Possibilities for a Closer Mimicking of Normal Auditory Functions with Cochlear Implants

5


Possibilities for a Closer Mimicking of Normal Auditory Functions with Cochlear Implants


Blake S. Wilson, Reinhold Schatzer, and Enrique A. Lopez-Poveda


Recent advances in electrode and stimulus design have increased the level of control that implants can exert over spatial and temporal patterns of responses in the auditory nerve. The advances include perimodiolar placements of electrodes, use of high-rate carriers or high-rate conditioner pulses, and current steering to produce “virtual channels” or intermediate sites of stimulation between adjacent electrodes. All but the last of these are reviewed in Wilson et al (2003a). Virtual channels and their construction are described in Wilson et al (1994b), and later in this chapter.


The higher levels of neural control might be exploited to provide a closer mimicking with implants of the signal processing that occurs in the normal cochlea. In particular, the subtleties of the normal processing might be represented at the auditory nerve using high-rate carriers, spatially selective electrodes, virtual channels, or combinations of these.


Present processing strategies for implants, such as the continuous interleaved sampling (CIS) strategy shown in the top panel of Fig. 5–1, provide only a very crude approximation to the normal processing.
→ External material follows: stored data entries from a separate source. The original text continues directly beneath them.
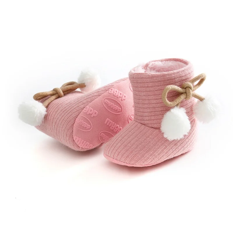 Ботинки детские зимние с мехом, вязаные пушистые шарики, однотонные, с цветочным узором
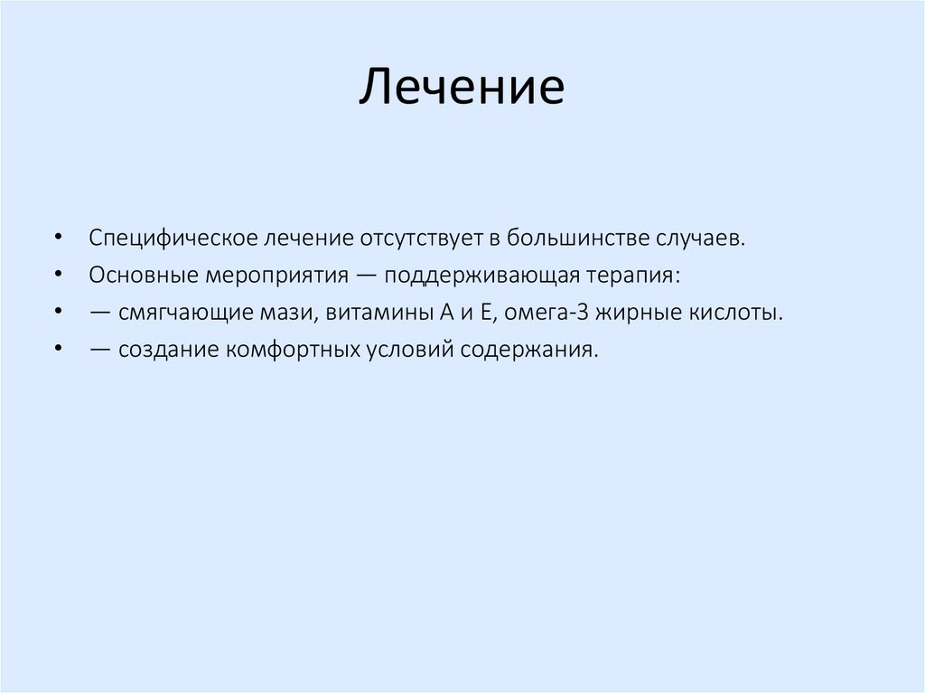 — смягчающие мази, витамины A и E, омега-3 жирные кислоты.
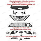 Fit for : 1 Set (12 PCS) Includes:(See more pictures for details) 1 Pc front radiator support cover 2 Pcs front upper grille retainer brackets 1 Pc front upper black grille with chrome trim 1 Pc front lower black grille mesh with adaptive cruise 2 Pcs fog lights with bulb,switch,relay and harness 2 Pcs fog light bezels(black+chrome) 2 Pcs front bumper brackets 1 Pc front Tow hook hole cover Item OE number : 62322-3YU0A; 62310-3YU0D;62254-4FY0A;62257-4AF0A;62256-4AF0A;26155-9B91D;26150-9B91D ;62225-3YU1A;62224-3YU1A;622A0-3YU0H Installation : Perfect fit direct replacement, no modifications required. Installation manual not provided; we recommend professional installation. Item's-Features : Superior quality kit 100% brand new Made from high-quality materials Excellent replacement part, no modifications needed Other parts fit for

For example, a bank of linear band-pass filters is used instead of the highly nonlinear and coupled filters that would model the behavior of the basilar membrane (BM) and associated structures (e.g., the outer hair cells) in the intact cochlea. In addition, a single nonlinear mapping function is used in the CIS and other strategies to produce the overall compression (from the dynamic range of sound pressure variations to the dynamic range of stimuli for single neurons) that the normal system achieves in multiple steps. The compression in CIS and other processors is instantaneous, whereas compression at the synapses between inner hair cells (IHCs) and single fibers of the auditory nerve in the normal cochlea is noninstantaneous, with large adaptation effects.


Such differences between normal processing and what current implants provide may limit the perceptual abilities of implant patients. For example, Deng and Geisler (1987), among others, have shown that nonlinearities in filtering at the BM and associated structures greatly enhance the neural representation of speech sounds presented in competition with noise. Similarly, findings of Tchorz and Kollmeier (1999) have indicated the importance of adaptation at the IHC/neuron synapse in representing temporal events or markers in speech, especially for speech presented in noise. Reception of sounds more complex than speech, for example, symphonic music, may require the full interplay and function of the many processing steps in the normal auditory periphery.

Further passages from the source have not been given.